# MIIA Pothole Image Classification Challenge  

This code was developed as part of the [Zindi Image Classification Challenge](https://zindi.africa/competitions/miia-pothole-image-classification-challenge). The goal of this ML project is to reduce the time and money required to repair potholes and improve road infrastructure in South Africa. Through image recognition, we reduce the amount of manual effort needed to identify potholes, enabling faster maintenance and promoting safer roadways.  

## Table of Contents

1. [Import and Setup](#import-and-setup)
2. [Cropping Images](#cropping-images)
3. [Load the Remaining Data](#load-the-remaining-data)
4. [Preprocessing Images (Data Transformations)](#preprocessing-images-data-transformations)
5. [Model Definition](#model-definition)
6. [Model Training & Evaluation](#model-training-and-evaluation)
7. [Model Testing](#model-testing)

## Import and Setup

In [None]:
import os
import pandas as pd
from PIL import Image
import torch
from torch.utils.data import Dataset, DataLoader
from torchvision import models, transforms
from torch.utils.data.dataset import random_split
import torch.optim as optim
import torch.nn as nn
import torch.nn.functional as F
from sklearn.metrics import roc_auc_score
import numpy as np
import random

# Set a seed for consistent results
random.seed(42)
np.random.seed(42)
torch.manual_seed(42)
torch.backends.cudnn.deterministic = True
torch.backends.cudnn.benchmark = False

In [8]:
device = torch.device("cuda" if torch.cuda.is_available() else "cpu")
print(device)

cuda


## Cropping Images

We can see that nearly all the images are taken from inside the car, with the dashboard and sky taking up much of the photo. To reduce noise we can crop out irrelevant data, leaving only the road.
We have seperated cropping from other data transformations, as we can then focus on a "new" dataset which can be easily reused in the future.

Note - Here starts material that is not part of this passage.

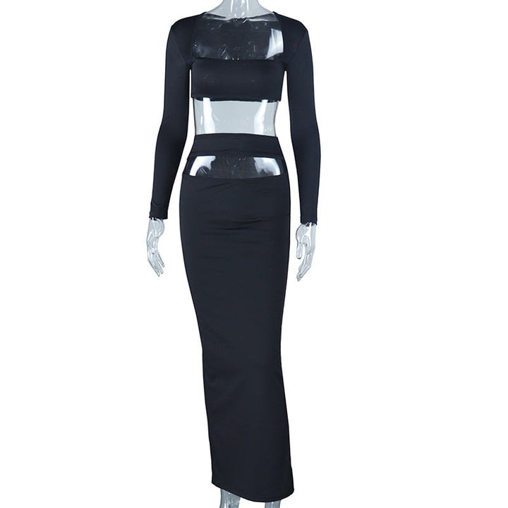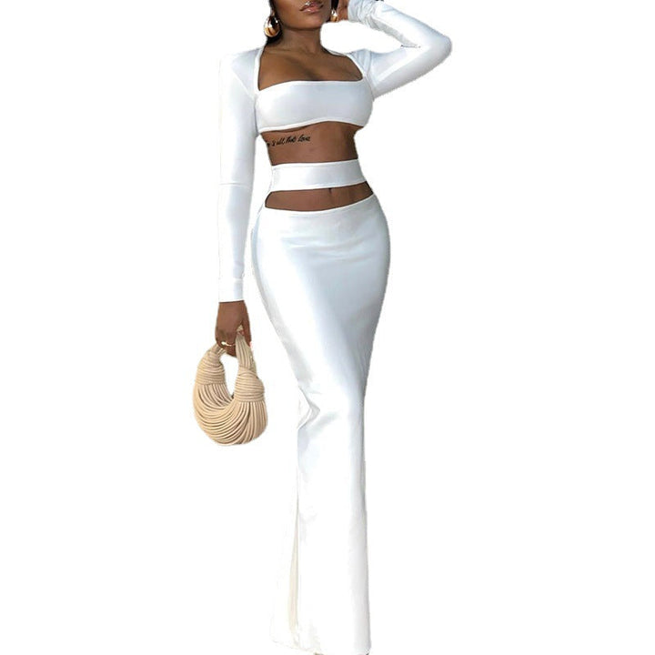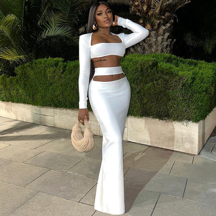 European Station Foreign Trade Cross-border Women's New Supply Solid Color Fashion Temperament Top Long Sleeve Skirt Set Two-piece Set

* To crop the image, make sure you update the path (to the image folder) accordingly.
* We can try a variety of ranges for the cropping and compare results.

In [None]:
import cv2, os, glob

# path to original image folder
# TODO: Replace with local path to the folder containing the images
data_path = r'D:\MMAI\MMAI894\Zindi\data\all_data'

# path to the folder to save the cropped image
save_path = './cropped_data2/'
imgfiles = glob.iglob(os.path.join(data_path, '**/*.JPG'), recursive=True)
for imgfile in imgfiles:
    image = cv2.imread(imgfile)
    img_name = imgfile.split('/')[-1]

    # Define the coordinates of the top-left and bottom-right points of the cropping rectangle
    # Format: (x, y)
    top_left = (50, 240)
    bottom_right = (750, 430)

    # Crop the image using array slicing
    # Note: OpenCV images are accessed with (y, x) notation
    cropped_image = image[top_left[1]:bottom_right[1], top_left[0]:bottom_right[0]]

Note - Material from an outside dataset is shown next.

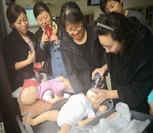 为促进该课程更好地发展,进一步完善课程内涵建设,2019年ok138cn太阳集团成功申报了教育教学改革项目“全校急救课程平台项目”,投入更大力度优化上课环境,丰富课程内涵,将学院一层的三个房间建成融院内急救、院前急救、急救示教室为一体的急救综合训练平台,并购置了QCPR安妮复苏模拟人、婴儿/儿童急救模型、气道梗阻模型、球囊呼吸面罩、自动体外除颤器、急救转运车、定量化心肺复苏培训考核系统等仪器设备,极大充实了急救实验物资,改善了实验条件, 为后续开发急救实验课内容,促进急救课程建设打下了坚实的基础。同时,随着护理实验中心课后开放网上预约平台投入使用,也为全校急救训练平台的平稳运行、信息化管理提供了重要保障。

    # Save or display the cropped image
    cv2.imwrite(save_path + img_name, cropped_image)

    # or
    # cv2.imshow('Cropped Image', cropped_image)
    # cv2.waitKey(0)
    # cv2.destroyAllWindows()

## Load the Remaining Data

Reminder to update the following paths, for your local machine. In this case we are referencing the cropped dataset, to use the raw dataset please update the path accordingly.

In [None]:

# change the following path for your own training

# path to image folder
data_path = r'D:\MMAI\MMAI894\Zindi\data\cropped_data1'

# path to train csv
train_path = r'D:\MMAI\MMAI894\Zindi\data\train_ids_labels.csv'

# path to test csv
test_path = r'D:\MMAI\MMAI894\Zindi\data\test_ids_only.csv'

# Create a custom dataset class for training and testing
class CustomDataset(Dataset):
    def __init__(self, csv_file, root_dir, transform=None):
        self.annotations = pd.read_csv(csv_file)
        self.root_dir = root_dir
        self.transform = transform

    def __len__(self):
        return len(self.annotations)

    def __getitem__(self, index):
        img_path = os.path.join(self.root_dir, self.annotations.iloc[index, 0] + '.JPG')
        image = Image.open(img_path).convert("RGB")
        if len(self.annotations.iloc[index]) > 1:
            label = int(self.annotations.iloc[index, 1])
        else:label = 1

        if self.transform:
            image = self.transform(image)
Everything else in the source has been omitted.